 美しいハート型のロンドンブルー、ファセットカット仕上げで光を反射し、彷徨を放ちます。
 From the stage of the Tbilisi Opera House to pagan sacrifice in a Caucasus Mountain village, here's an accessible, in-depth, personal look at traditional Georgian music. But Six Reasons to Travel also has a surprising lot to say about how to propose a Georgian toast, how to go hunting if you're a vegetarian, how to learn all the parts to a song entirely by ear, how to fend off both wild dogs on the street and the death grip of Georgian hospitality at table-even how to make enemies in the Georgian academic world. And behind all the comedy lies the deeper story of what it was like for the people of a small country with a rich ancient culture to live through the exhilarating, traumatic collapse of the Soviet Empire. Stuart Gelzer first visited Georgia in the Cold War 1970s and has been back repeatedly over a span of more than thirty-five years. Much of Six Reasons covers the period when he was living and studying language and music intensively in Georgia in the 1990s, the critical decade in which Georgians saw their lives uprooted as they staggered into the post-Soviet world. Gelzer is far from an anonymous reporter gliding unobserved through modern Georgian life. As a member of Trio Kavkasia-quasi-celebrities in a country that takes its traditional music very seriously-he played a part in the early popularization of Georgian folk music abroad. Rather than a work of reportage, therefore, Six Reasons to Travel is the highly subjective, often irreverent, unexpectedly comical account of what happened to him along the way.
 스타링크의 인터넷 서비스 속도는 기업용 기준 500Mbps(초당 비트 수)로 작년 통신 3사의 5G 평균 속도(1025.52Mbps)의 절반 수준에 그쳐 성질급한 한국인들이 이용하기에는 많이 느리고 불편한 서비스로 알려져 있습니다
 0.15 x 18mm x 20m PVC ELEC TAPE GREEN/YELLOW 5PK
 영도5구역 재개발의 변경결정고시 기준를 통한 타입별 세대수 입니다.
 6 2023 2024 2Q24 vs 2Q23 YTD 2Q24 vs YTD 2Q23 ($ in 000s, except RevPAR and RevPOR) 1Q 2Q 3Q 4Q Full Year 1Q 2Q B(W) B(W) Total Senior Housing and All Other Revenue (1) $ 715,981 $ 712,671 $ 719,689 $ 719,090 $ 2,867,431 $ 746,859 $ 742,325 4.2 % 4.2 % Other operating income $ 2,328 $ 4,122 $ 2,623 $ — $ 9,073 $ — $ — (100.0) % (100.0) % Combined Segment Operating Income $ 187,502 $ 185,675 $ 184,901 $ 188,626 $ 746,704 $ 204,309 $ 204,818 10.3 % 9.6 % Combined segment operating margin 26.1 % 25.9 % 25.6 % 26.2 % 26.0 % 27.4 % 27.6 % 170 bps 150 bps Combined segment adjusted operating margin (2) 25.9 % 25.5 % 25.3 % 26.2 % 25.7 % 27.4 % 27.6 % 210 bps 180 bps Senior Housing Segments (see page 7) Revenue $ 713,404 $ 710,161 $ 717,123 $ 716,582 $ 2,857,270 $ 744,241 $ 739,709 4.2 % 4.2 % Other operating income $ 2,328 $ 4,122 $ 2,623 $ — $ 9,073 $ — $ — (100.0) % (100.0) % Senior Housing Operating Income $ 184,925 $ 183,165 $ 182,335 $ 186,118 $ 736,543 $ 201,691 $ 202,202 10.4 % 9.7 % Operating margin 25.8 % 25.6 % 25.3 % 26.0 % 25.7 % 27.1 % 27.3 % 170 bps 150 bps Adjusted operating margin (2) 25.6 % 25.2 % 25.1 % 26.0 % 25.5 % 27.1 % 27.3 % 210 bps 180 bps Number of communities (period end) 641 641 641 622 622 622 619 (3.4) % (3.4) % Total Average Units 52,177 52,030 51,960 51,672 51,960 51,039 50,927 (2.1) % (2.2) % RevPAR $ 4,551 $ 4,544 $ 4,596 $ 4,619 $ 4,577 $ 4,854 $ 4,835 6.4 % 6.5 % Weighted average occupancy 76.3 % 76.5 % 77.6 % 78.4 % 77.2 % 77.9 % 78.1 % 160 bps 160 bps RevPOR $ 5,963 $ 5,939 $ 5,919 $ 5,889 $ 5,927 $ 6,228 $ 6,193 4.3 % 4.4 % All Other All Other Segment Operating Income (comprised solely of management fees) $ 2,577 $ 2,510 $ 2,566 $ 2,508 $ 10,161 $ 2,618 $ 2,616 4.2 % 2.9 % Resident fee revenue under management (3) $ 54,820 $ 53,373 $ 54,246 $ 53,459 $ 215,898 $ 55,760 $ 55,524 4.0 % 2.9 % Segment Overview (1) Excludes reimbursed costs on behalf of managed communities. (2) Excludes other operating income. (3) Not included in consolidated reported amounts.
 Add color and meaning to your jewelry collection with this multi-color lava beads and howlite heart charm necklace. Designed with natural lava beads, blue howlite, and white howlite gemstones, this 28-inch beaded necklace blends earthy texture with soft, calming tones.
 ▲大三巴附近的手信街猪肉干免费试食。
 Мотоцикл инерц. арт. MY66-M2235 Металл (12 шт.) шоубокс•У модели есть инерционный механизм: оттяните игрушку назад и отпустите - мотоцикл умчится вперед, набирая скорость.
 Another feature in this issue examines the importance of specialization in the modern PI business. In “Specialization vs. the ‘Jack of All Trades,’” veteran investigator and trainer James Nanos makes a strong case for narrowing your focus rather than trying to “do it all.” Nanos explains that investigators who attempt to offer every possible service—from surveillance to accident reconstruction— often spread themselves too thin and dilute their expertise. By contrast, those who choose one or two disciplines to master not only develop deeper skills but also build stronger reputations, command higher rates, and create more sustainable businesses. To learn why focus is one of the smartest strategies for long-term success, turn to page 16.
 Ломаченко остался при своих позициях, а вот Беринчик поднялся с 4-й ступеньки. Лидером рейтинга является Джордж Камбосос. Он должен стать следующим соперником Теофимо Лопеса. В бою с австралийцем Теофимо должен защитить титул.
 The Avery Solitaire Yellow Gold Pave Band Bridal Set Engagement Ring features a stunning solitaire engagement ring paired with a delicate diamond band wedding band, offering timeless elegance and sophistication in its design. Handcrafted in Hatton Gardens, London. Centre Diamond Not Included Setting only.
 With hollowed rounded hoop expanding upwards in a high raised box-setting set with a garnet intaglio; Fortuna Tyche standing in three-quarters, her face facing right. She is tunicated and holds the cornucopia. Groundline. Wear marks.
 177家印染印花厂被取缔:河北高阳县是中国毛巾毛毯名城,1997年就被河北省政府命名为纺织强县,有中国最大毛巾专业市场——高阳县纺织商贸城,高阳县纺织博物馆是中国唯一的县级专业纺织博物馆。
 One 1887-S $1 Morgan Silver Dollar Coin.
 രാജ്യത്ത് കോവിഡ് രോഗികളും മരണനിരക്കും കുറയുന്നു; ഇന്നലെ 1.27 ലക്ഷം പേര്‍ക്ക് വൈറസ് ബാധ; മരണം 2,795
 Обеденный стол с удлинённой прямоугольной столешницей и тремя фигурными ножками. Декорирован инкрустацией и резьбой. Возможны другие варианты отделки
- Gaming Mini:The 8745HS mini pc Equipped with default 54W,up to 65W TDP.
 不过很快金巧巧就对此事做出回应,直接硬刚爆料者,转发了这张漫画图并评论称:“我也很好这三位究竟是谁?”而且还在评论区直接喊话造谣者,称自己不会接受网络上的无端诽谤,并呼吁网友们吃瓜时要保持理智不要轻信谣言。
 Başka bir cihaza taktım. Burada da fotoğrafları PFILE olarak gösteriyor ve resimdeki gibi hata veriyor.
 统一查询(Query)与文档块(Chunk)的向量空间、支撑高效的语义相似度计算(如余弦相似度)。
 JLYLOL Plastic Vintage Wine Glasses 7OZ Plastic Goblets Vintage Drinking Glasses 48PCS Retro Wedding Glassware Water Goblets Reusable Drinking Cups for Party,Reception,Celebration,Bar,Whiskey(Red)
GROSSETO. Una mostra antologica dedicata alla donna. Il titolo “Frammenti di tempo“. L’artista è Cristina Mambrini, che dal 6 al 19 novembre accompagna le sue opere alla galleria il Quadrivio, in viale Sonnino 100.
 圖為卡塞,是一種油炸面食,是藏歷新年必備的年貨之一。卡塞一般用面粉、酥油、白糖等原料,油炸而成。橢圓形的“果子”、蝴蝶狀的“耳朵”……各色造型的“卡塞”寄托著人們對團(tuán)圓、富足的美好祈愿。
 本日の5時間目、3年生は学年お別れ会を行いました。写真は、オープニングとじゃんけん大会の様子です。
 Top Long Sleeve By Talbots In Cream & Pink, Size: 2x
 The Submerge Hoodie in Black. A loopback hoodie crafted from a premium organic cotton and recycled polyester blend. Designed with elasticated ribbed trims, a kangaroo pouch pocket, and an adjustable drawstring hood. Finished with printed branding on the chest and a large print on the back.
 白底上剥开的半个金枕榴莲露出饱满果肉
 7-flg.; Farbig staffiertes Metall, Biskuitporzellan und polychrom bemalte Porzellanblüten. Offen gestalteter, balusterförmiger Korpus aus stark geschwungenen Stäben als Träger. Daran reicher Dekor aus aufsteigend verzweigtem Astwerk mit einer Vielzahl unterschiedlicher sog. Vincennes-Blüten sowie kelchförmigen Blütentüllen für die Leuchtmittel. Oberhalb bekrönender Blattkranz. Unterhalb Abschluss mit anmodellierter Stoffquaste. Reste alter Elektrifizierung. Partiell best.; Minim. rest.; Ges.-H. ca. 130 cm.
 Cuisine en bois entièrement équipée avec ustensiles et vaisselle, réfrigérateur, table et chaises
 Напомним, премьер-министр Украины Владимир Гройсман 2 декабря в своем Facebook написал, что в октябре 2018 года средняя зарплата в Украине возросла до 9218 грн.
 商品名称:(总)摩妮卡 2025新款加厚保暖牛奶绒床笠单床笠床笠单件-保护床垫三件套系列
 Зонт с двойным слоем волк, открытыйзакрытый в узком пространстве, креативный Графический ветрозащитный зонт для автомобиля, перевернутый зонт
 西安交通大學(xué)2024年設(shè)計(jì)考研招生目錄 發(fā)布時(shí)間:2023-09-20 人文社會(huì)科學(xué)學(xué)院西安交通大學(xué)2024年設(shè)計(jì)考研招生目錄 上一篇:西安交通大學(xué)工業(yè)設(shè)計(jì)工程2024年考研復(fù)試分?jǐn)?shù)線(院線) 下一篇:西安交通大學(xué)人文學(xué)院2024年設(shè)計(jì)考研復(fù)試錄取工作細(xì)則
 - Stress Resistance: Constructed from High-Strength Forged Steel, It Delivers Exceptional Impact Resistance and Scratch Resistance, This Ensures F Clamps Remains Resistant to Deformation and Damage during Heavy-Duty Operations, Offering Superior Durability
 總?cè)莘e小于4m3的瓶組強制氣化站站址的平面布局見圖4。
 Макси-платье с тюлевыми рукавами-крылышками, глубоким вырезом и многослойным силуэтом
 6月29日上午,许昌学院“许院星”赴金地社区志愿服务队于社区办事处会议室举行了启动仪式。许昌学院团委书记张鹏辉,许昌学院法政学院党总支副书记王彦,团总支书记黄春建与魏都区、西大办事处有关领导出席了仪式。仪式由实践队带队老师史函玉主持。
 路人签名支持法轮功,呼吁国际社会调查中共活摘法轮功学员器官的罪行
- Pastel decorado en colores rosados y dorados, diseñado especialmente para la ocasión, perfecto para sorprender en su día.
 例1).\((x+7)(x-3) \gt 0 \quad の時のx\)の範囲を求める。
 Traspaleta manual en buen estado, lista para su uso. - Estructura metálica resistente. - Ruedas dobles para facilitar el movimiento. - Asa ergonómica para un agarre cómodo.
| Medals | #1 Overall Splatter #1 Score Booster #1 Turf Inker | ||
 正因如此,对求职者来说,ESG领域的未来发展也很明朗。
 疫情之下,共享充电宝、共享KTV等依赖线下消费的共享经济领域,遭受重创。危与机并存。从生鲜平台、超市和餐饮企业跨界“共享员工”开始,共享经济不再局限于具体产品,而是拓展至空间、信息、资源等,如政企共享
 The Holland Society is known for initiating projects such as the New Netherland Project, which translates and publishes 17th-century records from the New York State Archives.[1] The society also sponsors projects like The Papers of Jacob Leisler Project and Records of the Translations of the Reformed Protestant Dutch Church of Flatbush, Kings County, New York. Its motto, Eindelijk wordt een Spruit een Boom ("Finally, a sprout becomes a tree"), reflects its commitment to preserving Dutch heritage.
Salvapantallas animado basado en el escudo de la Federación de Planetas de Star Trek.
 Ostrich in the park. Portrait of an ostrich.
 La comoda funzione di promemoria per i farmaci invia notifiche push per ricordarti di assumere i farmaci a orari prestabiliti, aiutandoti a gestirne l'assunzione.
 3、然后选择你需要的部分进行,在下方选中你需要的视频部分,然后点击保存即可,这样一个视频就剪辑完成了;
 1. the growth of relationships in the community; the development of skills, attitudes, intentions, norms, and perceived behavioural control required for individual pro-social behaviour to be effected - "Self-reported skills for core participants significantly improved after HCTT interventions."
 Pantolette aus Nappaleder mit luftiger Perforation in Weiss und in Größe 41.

________________________

§ **Task prompt**
Based on the entries above, give the number of lines with the string "para" and no further text.

§ **Solution**
2